* **Entries shown**:
================================

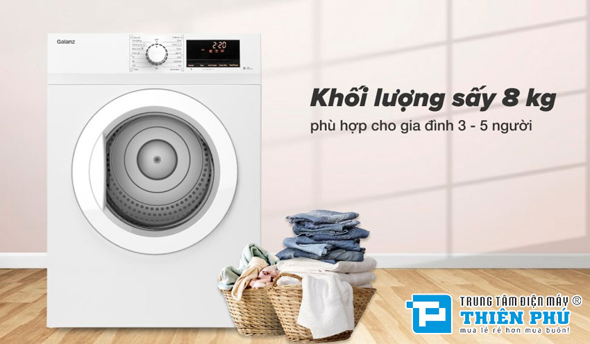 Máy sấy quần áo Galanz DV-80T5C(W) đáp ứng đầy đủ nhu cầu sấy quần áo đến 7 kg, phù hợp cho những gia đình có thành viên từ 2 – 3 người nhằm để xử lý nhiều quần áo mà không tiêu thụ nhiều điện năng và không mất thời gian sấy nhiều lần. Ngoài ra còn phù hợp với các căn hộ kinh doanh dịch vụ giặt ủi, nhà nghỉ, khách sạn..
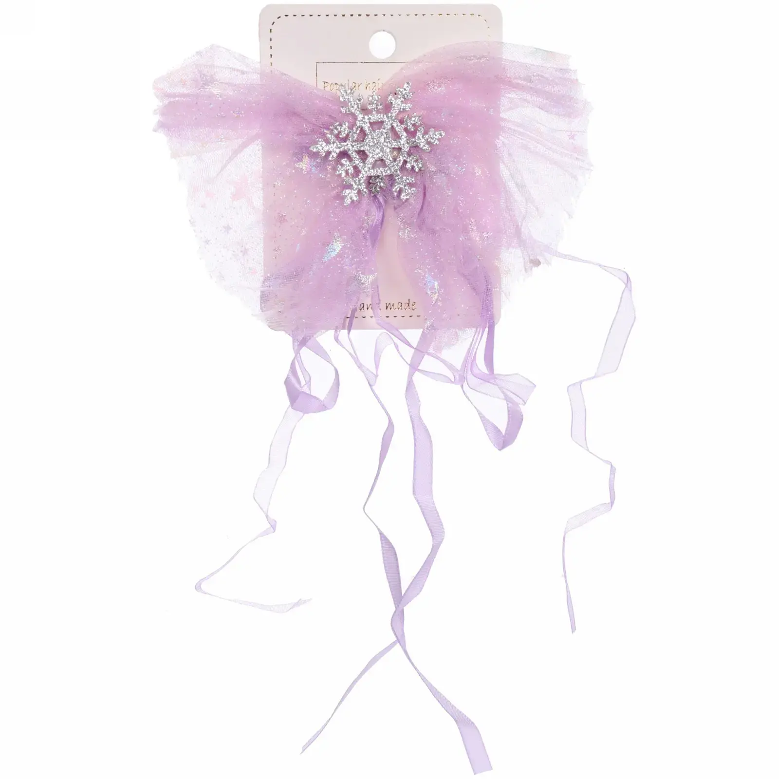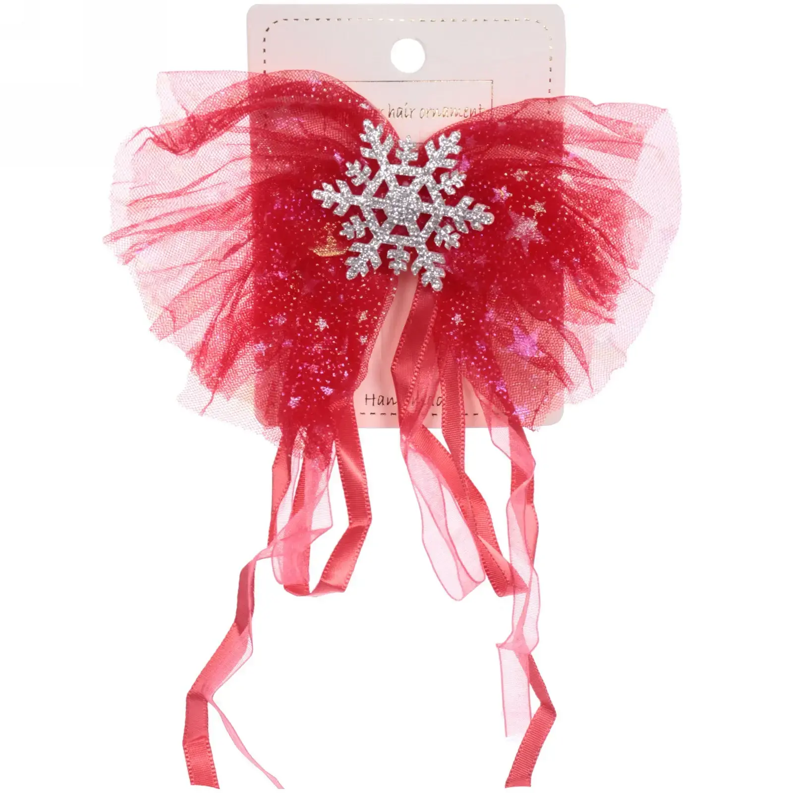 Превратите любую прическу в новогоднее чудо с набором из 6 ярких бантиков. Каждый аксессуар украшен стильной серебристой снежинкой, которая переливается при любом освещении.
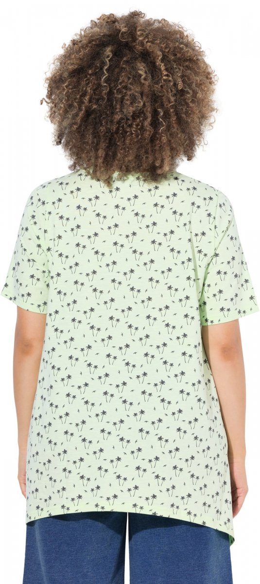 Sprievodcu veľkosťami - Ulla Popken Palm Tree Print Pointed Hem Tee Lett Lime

================================

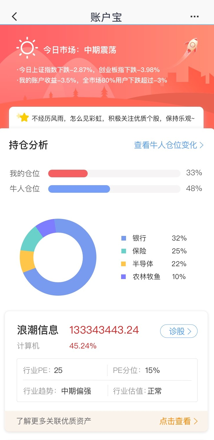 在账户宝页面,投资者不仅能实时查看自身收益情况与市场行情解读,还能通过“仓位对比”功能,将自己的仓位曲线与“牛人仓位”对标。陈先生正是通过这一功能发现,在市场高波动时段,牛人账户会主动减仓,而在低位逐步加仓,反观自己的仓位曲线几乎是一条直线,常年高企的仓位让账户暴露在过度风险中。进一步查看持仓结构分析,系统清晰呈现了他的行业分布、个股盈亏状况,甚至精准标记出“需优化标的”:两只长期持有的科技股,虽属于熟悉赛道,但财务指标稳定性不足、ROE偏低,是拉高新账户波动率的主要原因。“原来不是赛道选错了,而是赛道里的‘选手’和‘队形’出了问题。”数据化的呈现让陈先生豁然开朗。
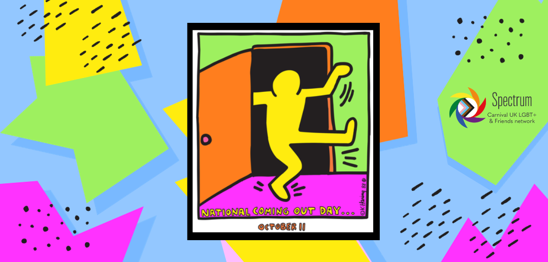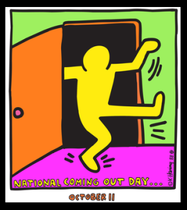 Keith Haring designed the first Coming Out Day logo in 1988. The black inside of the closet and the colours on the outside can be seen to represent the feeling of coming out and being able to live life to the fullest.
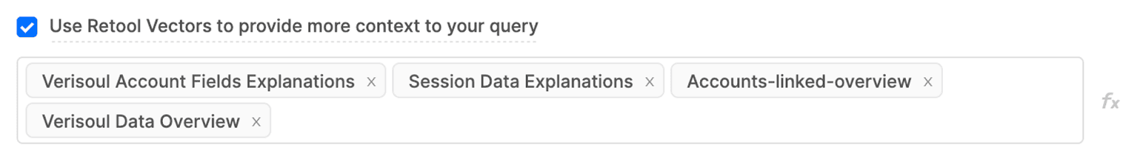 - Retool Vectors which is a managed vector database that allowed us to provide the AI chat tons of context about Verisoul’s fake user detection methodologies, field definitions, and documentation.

================================

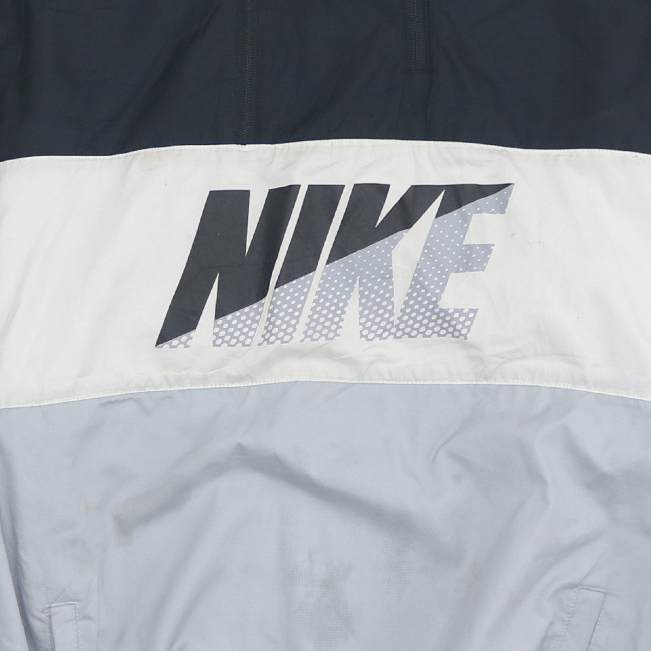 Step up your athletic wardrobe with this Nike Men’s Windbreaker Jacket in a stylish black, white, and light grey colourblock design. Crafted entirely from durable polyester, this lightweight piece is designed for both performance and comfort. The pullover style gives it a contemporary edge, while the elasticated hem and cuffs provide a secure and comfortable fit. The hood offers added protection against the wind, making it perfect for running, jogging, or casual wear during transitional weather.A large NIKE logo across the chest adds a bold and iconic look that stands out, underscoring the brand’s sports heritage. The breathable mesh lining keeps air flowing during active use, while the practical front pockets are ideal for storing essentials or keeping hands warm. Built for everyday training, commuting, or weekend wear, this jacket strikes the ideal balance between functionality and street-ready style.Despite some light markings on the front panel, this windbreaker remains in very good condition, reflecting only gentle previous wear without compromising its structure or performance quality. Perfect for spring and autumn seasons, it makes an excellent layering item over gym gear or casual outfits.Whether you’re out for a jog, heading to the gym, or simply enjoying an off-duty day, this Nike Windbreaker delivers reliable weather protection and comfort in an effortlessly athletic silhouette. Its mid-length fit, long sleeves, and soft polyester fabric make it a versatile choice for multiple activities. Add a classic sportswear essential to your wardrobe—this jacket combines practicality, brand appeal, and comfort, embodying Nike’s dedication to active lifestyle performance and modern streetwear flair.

================================

Each line above from the one containing "Máy sấy quần" through the one containing "Sprievodcu veľkosťami - Ulla" is to be returned verbatim. Nothing else, and no pictures.

* **Answer to this problem**:
 Máy sấy quần áo Galanz DV-80T5C(W) đáp ứng đầy đủ nhu cầu sấy quần áo đến 7 kg, phù hợp cho những gia đình có thành viên từ 2 – 3 người nhằm để xử lý nhiều quần áo mà không tiêu thụ nhiều điện năng và không mất thời gian sấy nhiều lần. Ngoài ra còn phù hợp với các căn hộ kinh doanh dịch vụ giặt ủi, nhà nghỉ, khách sạn..
 Превратите любую прическу в новогоднее чудо с набором из 6 ярких бантиков. Каждый аксессуар украшен стильной серебристой снежинкой, которая переливается при любом освещении.
 Sprievodcu veľkosťami - Ulla Popken Palm Tree Print Pointed Hem Tee Lett Lime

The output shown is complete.